Task item:
In the records that follow, find the line with "Unter diesem Punkt"; from there, retype every line exactly through the line with "Follow the numbers", which also belongs to the answer.

START Available data

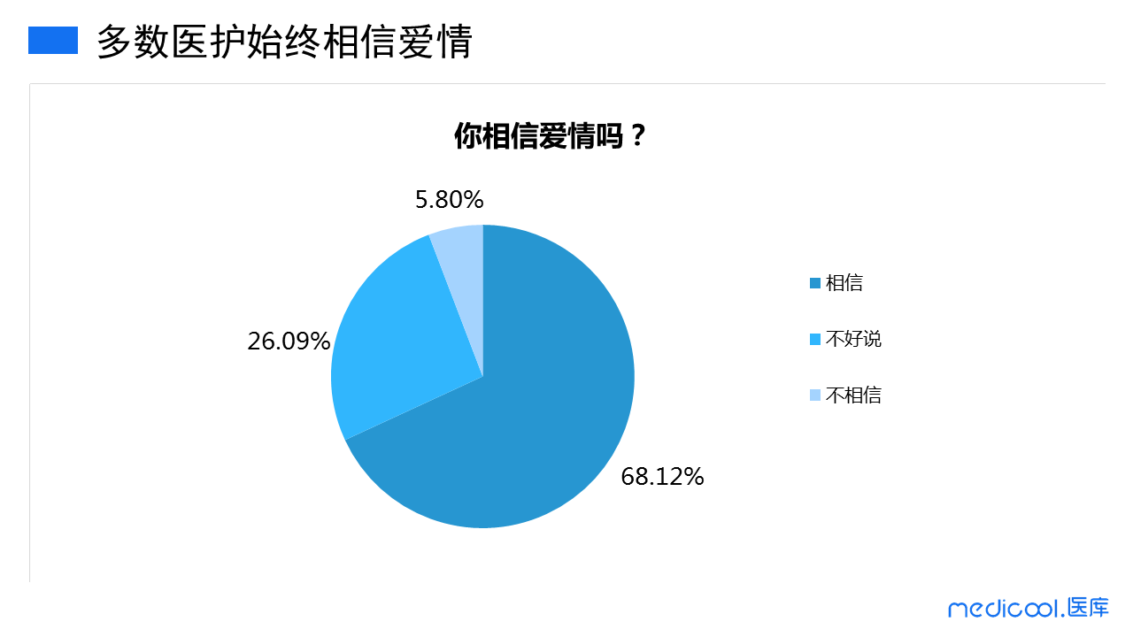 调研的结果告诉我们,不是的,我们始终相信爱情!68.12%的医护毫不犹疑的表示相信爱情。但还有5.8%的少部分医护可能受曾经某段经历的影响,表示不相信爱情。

END Available data
START Available data

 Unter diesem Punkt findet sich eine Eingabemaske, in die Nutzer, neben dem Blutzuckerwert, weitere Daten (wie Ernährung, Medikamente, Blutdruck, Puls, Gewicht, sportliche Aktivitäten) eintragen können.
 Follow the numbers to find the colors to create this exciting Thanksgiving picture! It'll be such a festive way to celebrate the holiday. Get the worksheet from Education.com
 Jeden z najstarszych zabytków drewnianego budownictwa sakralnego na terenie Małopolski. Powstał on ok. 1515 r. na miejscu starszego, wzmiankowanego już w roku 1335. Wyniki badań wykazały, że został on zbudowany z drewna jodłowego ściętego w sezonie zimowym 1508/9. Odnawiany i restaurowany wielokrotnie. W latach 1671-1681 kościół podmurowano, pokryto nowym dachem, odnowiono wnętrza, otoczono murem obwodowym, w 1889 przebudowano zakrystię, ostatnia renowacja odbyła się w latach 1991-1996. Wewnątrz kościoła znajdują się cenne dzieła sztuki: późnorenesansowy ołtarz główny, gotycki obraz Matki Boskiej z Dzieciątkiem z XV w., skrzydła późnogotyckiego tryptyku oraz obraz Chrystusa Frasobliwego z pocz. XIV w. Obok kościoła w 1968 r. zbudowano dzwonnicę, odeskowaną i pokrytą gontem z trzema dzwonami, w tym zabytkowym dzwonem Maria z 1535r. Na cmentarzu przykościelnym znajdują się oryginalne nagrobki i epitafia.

END Available data
START Available data

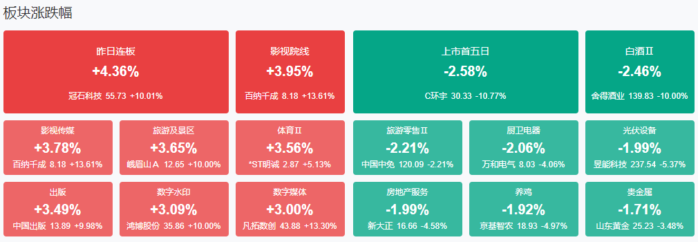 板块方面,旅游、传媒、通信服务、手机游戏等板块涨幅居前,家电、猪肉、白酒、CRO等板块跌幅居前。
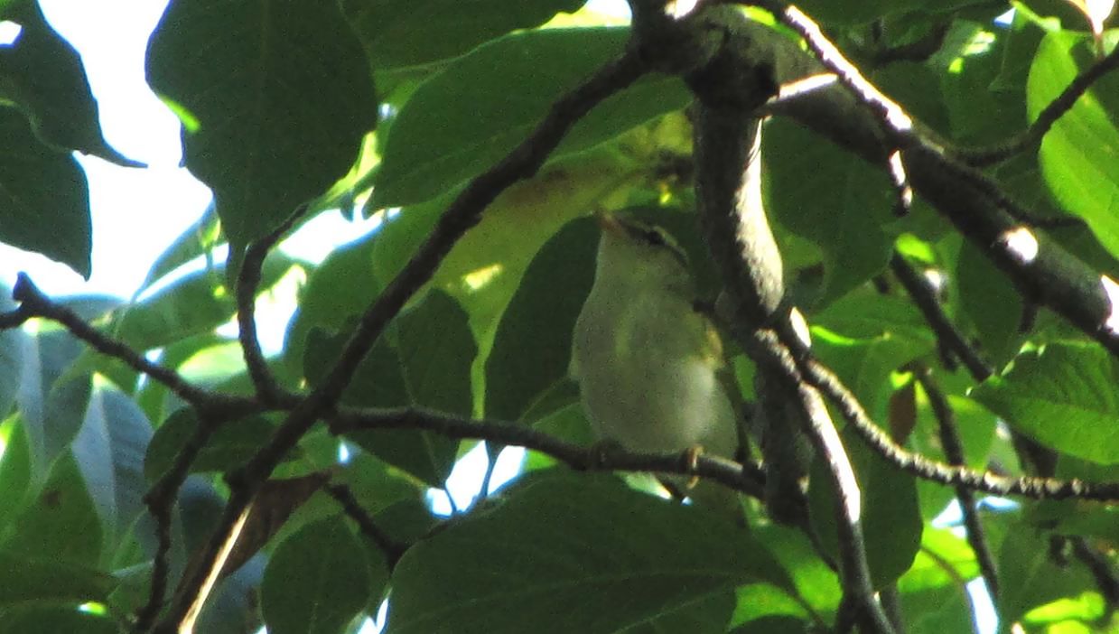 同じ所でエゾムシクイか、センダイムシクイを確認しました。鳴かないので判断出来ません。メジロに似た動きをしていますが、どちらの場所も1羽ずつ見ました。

END Available data

Response to the exercise:
 Unter diesem Punkt findet sich eine Eingabemaske, in die Nutzer, neben dem Blutzuckerwert, weitere Daten (wie Ernährung, Medikamente, Blutdruck, Puls, Gewicht, sportliche Aktivitäten) eintragen können.
 Follow the numbers to find the colors to create this exciting Thanksgiving picture! It'll be such a festive way to celebrate the holiday. Get the worksheet from Education.com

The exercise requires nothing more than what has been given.